Make a verbatim copy of the entries below; pictures stay out.

+++ DATA EXCERPTS

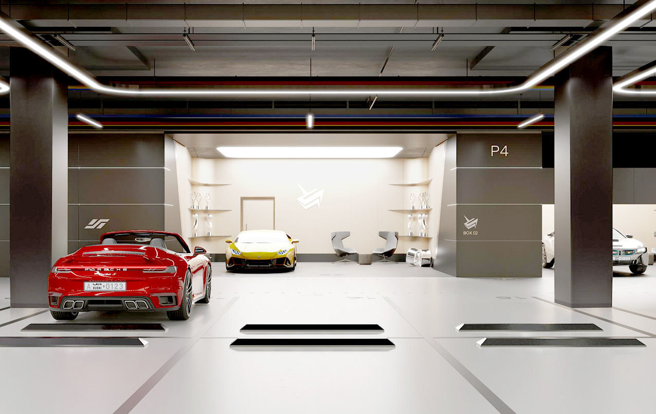 نظراً للطبيعية المناخية الحارة في المنطقة، تم تجهيز كل موقف سيارات حصري بمدخل منفصل يتصل بردهة المصعد وآلية تكييف متطورة. يعزز هذا التصميم من راحة السكان ويحافظ على سلامة السيارات من خلال توفير بيئة مثالية يمكن التحكم في درجة حرارتها. تتفرّد مواقف السيارات في برج “آيكونيك” بلمسات نهائية مميزة وتصميم رياضي بسيط. بالإضافة إلى ذلك، ترتقي اللمسات المعدنية الأنيقة باللون الفضي والذهبي الخافت، إلى جانب الإضاءة الهادئة، بشكل جميل من معالم البرج الفاخر الذي صممته “بينينفارينا”، شركة الهندسة المعمارية الإيطالية الشهيرة، بالتعاون مع ميريد.
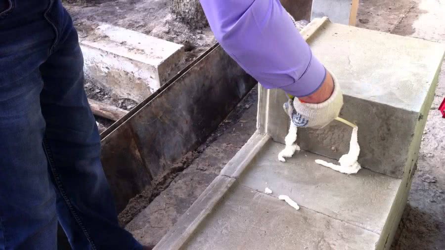 - Наружные стыки между блоками забросайте цементом: пена деформируется под влиянием солнечных лучей.
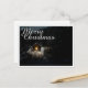 The card shows an atmospheric, wintry scene with a small, illuminated wooden hut in the middle of a snow-covered forest. The warm light source inside creates a beautiful contrast to the dark, peaceful surroundings. The elegant "Merry Christmas" lettering in white gives the motif a festive touch. 🎄✨
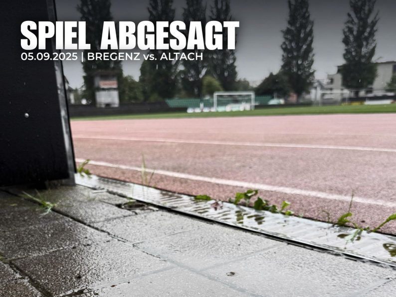 5.09.2025 Die Wetterverhältnisse lassen kein Spiel in Bregenz zu. Liveübertragung von Ländle TV entfällt.
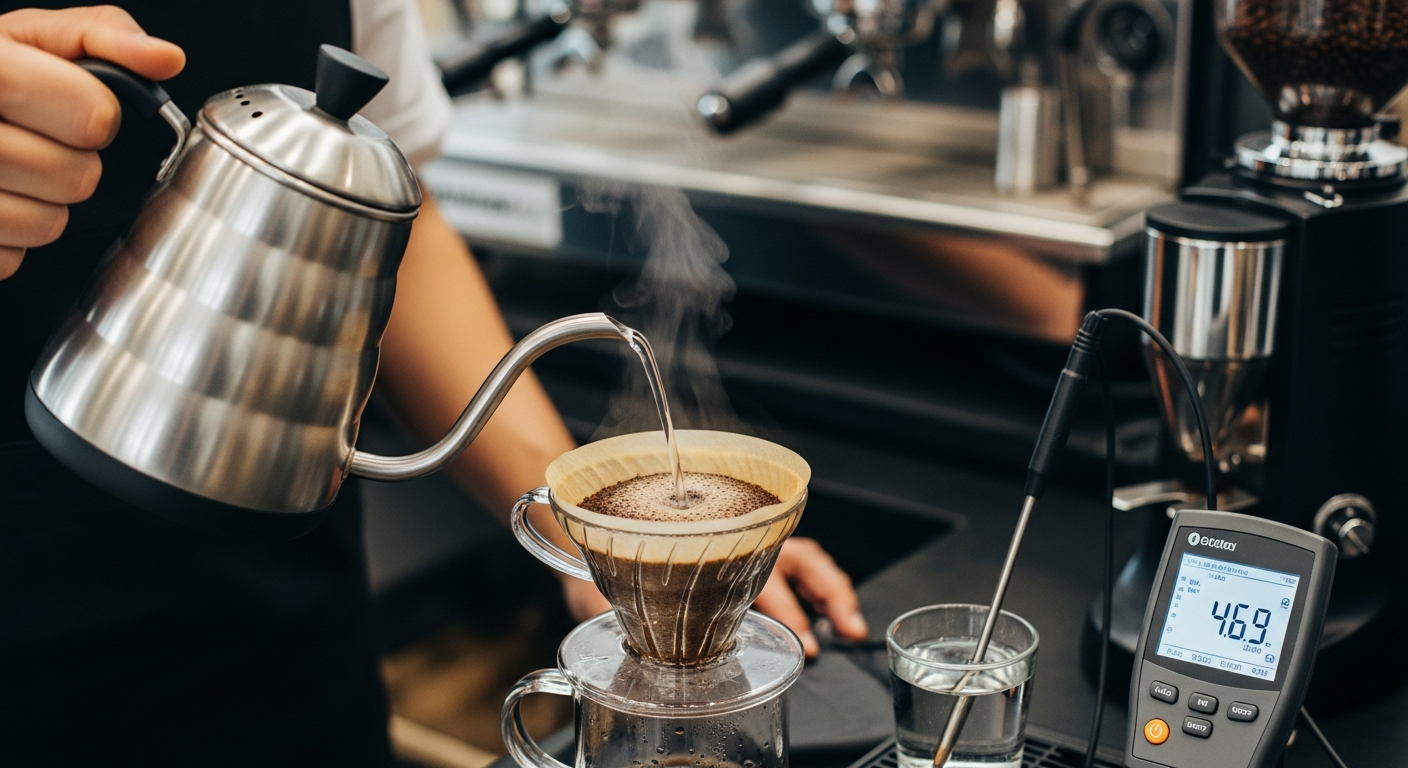 Temperatura apei este un alt factor cheie care interacționează cu calitatea acesteia. O temperatură optimă (între 90-96°C) este necesară pentru a extrage eficient compușii aromatici. Dacă apa este prea rece, extracția va fi sub-optimă, rezultând o cafea plată și acră. Dacă este prea fierbinte, poate arde cafeaua, ducând la un gust amar și ars. Când preparăm cafea acasă (homebrew), este important să considerăm nu doar temperatura, ci și puritatea apei. Multe metode de preparare, cum ar fi cele cu filtru (filter) sau cele manuale, beneficiază enorm de pe urma unei ape cu un profil mineral echilibrat, care permite boabelor să-și dezvăluie întregul potențial aromatic.

++++++

> _RESULT OF THIS EXERCISE_
 نظراً للطبيعية المناخية الحارة في المنطقة، تم تجهيز كل موقف سيارات حصري بمدخل منفصل يتصل بردهة المصعد وآلية تكييف متطورة. يعزز هذا التصميم من راحة السكان ويحافظ على سلامة السيارات من خلال توفير بيئة مثالية يمكن التحكم في درجة حرارتها. تتفرّد مواقف السيارات في برج “آيكونيك” بلمسات نهائية مميزة وتصميم رياضي بسيط. بالإضافة إلى ذلك، ترتقي اللمسات المعدنية الأنيقة باللون الفضي والذهبي الخافت، إلى جانب الإضاءة الهادئة، بشكل جميل من معالم البرج الفاخر الذي صممته “بينينفارينا”، شركة الهندسة المعمارية الإيطالية الشهيرة، بالتعاون مع ميريد.
 - Наружные стыки между блоками забросайте цементом: пена деформируется под влиянием солнечных лучей.
 The card shows an atmospheric, wintry scene with a small, illuminated wooden hut in the middle of a snow-covered forest. The warm light source inside creates a beautiful contrast to the dark, peaceful surroundings. The elegant "Merry Christmas" lettering in white gives the motif a festive touch. 🎄✨
 5.09.2025 Die Wetterverhältnisse lassen kein Spiel in Bregenz zu. Liveübertragung von Ländle TV entfällt.
 Temperatura apei este un alt factor cheie care interacționează cu calitatea acesteia. O temperatură optimă (între 90-96°C) este necesară pentru a extrage eficient compușii aromatici. Dacă apa este prea rece, extracția va fi sub-optimă, rezultând o cafea plată și acră. Dacă este prea fierbinte, poate arde cafeaua, ducând la un gust amar și ars. Când preparăm cafea acasă (homebrew), este important să considerăm nu doar temperatura, ci și puritatea apei. Multe metode de preparare, cum ar fi cele cu filtru (filter) sau cele manuale, beneficiază enorm de pe urma unei ape cu un profil mineral echilibrat, care permite boabelor să-și dezvăluie întregul potențial aromatic.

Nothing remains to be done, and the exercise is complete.